Школы там давно нет; лет пятнадцать назад она действовала, только под другим номером, теперь же обширное ее помещение занято каким-то учреждением. Но здание стоит, как стояло. Длинное, трехэтажное, типично петербургское строение; в нем есть нечто казарменно-величественное. Оно и на самом деле большое, а тогда казалось мне огромным, особенно внутри. Одно его крыло, выходящее окнами во двор, занимал в те годы интернат, -- спальни интернатских девочек и ребят помещались в бывших дортуарах благородных девиц; нижний этаж этого крыла состоял весь из маленьких комнаток -"музыкальных селюлек"; говорили, что в них елизаветинки упражнялись в музыке и пении и что прежде в каждой такой селюльке стояло по роялю; при мне никаких инструментов там уже не имелось. Школьные коридоры поражали широтой и простором, напоминая скорее залы, но было и несколько залов как таковых, -- гимнастический, со шведскими стенками, брусьями и двумя "кобылами", зал для собраний -- бывший церковный, зал без названия, "зал с тамбуром" -- посреди этого зала начиналась лестница, ведущая в нижний этаж, и над входом на ту лестницу высилась странная, непонятного назначения будка из светло-желтого лакированного дерева -- тамбур. За тамбуром из этого зала ответвлялся коридор, по левую сторону которого находился "Б" параллельный, куда я был зачислен; в те годы классы первой ступени имели не цифровые, а буквенные обозначения, от А до Д, и старшие ученики насмешливо звали младших "ашками" и "бэшками".
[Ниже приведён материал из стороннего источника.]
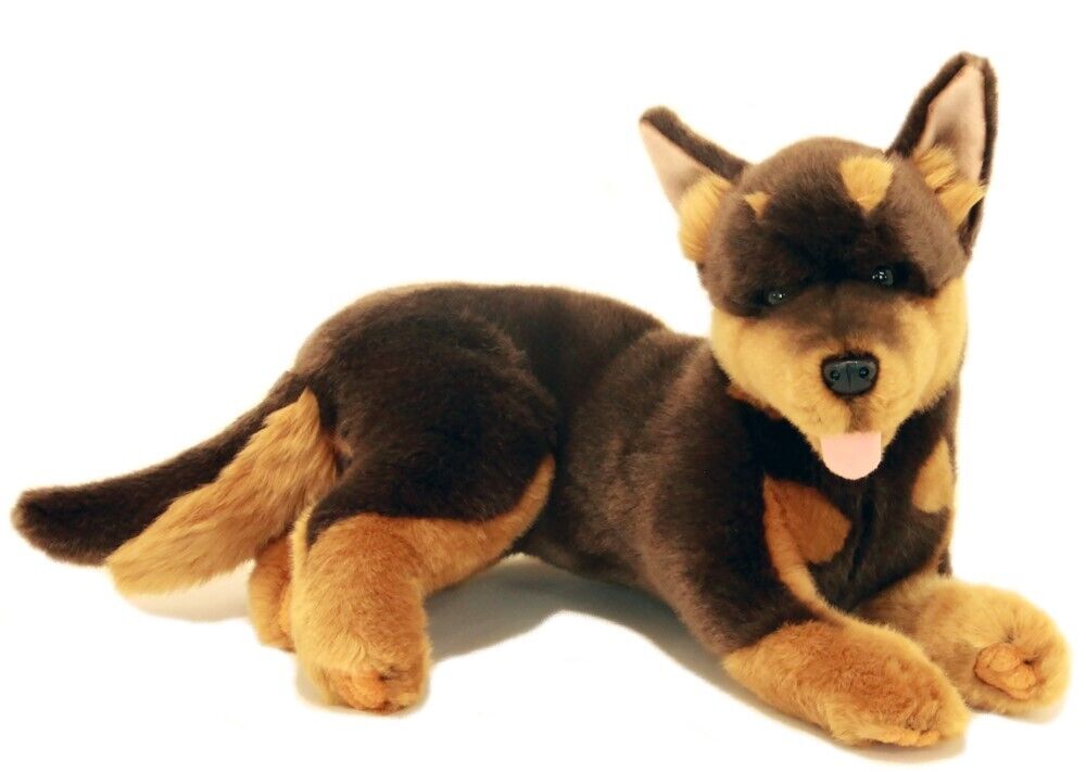 Parker is a really cute realistic handmade and airbrushed lying red and tan Australian kelpie plush toy.  They are also simply called Kelpie, Australian sheepdog or muster dog and are well known for being loyal, keen and friendly dogs.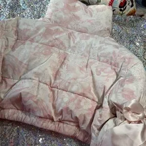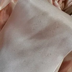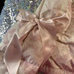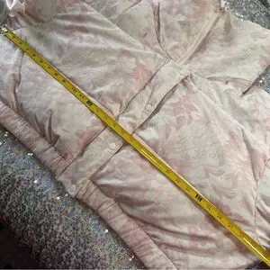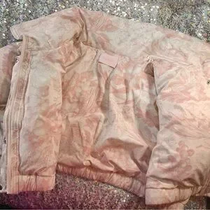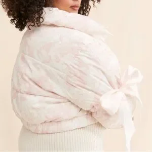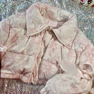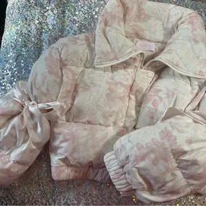 Look at this angelic piece! Baby pink and off white. Super luxurious feel, 2 big satin ribbons tied at the sleeves. Amazing used condition. Coat itself looks and feels brand new, some wearing on ribbons as shown. Very unnoticeable while wearing. Ribbons can be adjusted to tighten or loosen the sleeves. This piece truly speaks for itself.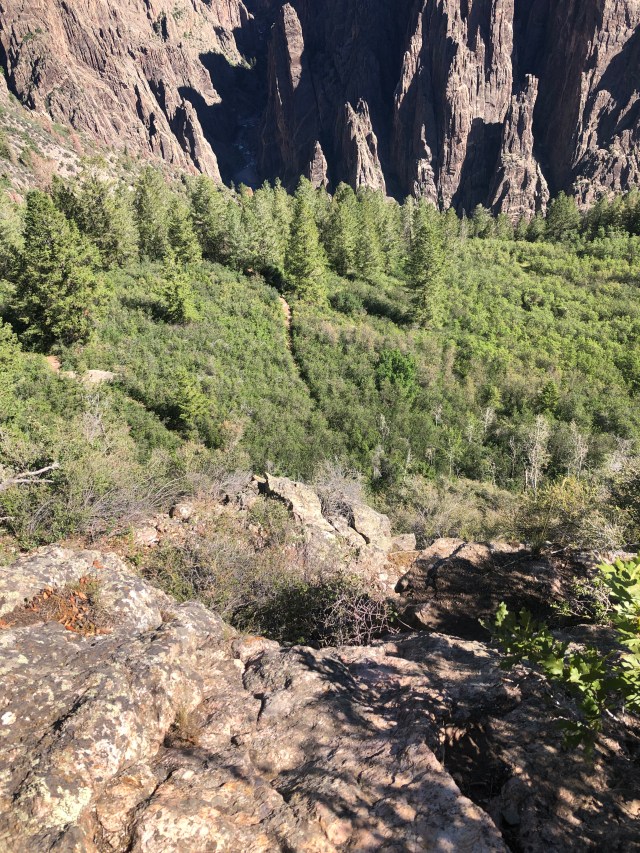 The next morning in BCGNP brought us an early wake up call. Our campground had hiking trails right off it, just like in the Rockies! We took the Rim Rock Trail to the visitor center (about 1 mile). What we didn’t realize until we entered the trail were three things: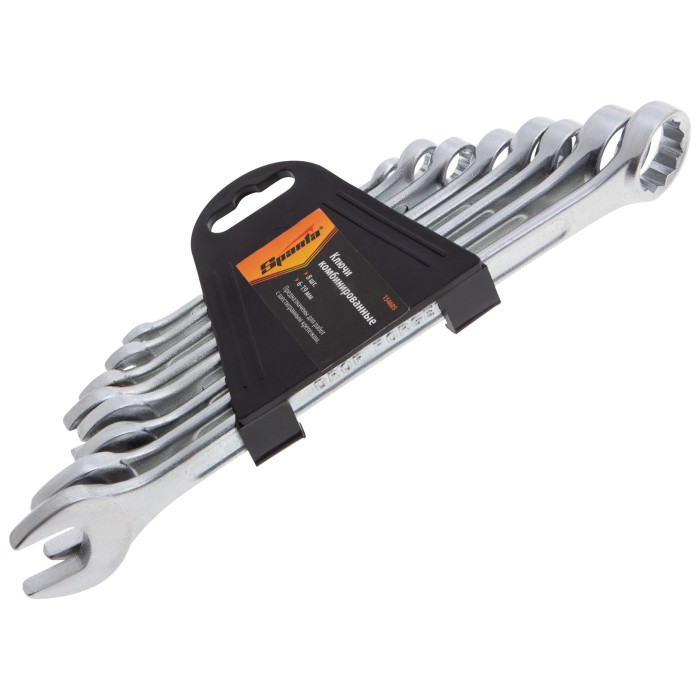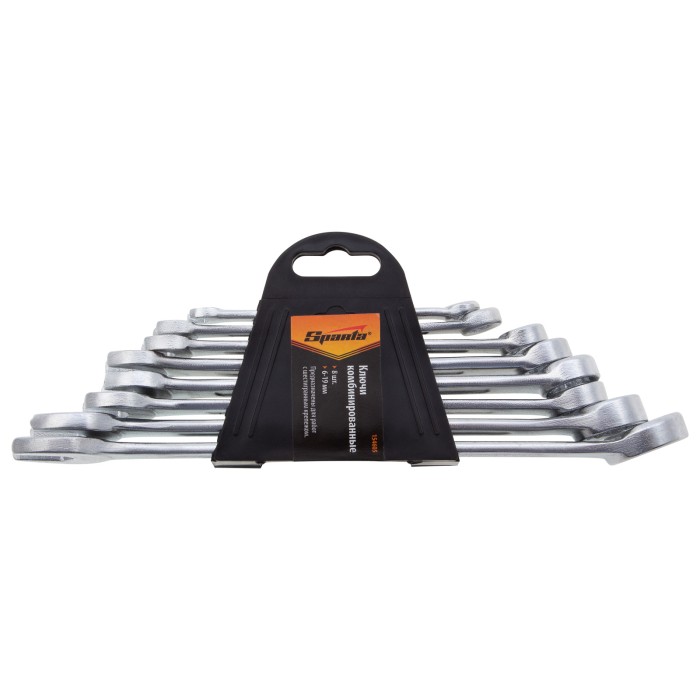 Набор хромированных комбинированных ключей Sparta 154605 состоит из 8 слесарно-монтажных инструментов для работы с резьбовыми соединениями размером от 6 до 19 мм. 12-гранная накидная головка каждого ключа обеспечивает надежный контакт с поверхностью крепежа, а рожковый зев дает возможность работать там, где применение кольцевого затруднено. Ключи пригодятся в мастерской, гараже, будут полезны во время строительства и ремонта.ПреимуществаПрочность и высокий ресурс — ключи изготовлены из углеродистой стали 45, твердость рабочих частей составляет 42 HRC (в полном соответствии с требованиями ГОСТ).Защита от разрушения — хромированные поверхности не подвержены коррозии.Удобный монтаж в труднодоступных местах — кольцевые головки смещены на 15° относительно плоскости ключей.

Если в Старой Руссе в школу я ходил как на муку мученскую, то к 215-й привык сразу и посещал ее с охотой. Может быть, дело тут было в составе класса, в соучениках, с которыми я быстро нашел общий язык, а быть может, это тем объяснялось, что школа эта не зря славилась своим педагогическим персоналом, умелым и опытным. Некоторые ее преподаватели были известны на весь Васильевский остров, например Соснин, учитель литературы в классах второй ступени; на его уроки приходили иногда ученики из других школ, хотя требователен он был чрезвычайно, и про него даже песенку сложили, которая так начиналась: "Борис Дмитриевич Соснин -- довольно строгий господин!" Хорошо поставлено было во второй ступени изучение математики и физики, -школа имела радиотехнический уклон, и шефствовал над ней завод имени Козицкого. Ребята из старших классов проходили практику в цехах этого завода, и выпускникам 215-й предоставлялось право поступать туда на работу, минуя Биржу труда; по тому времени -- льгота немалая, если учесть безработицу. Помню, девушки и юноши, проходившие производственную практику, и на школьные занятия горделиво являлись в синих рабочих спецовках, и у каждого из нагрудного кармана торчали желтая линеечка и штангенциркуль; девушки носили кепки, лихо заламывая козырьки. В школе устраивали "вечера смычки", на которые приходило много молодых рабочих; школьный драмкружок "Синяя блуза" показывал им свои постановки. Связь с производством, заводской труд воспринимались тогда возвышенно, романтически. Позже эта индустриальная романтика коснулась и меня.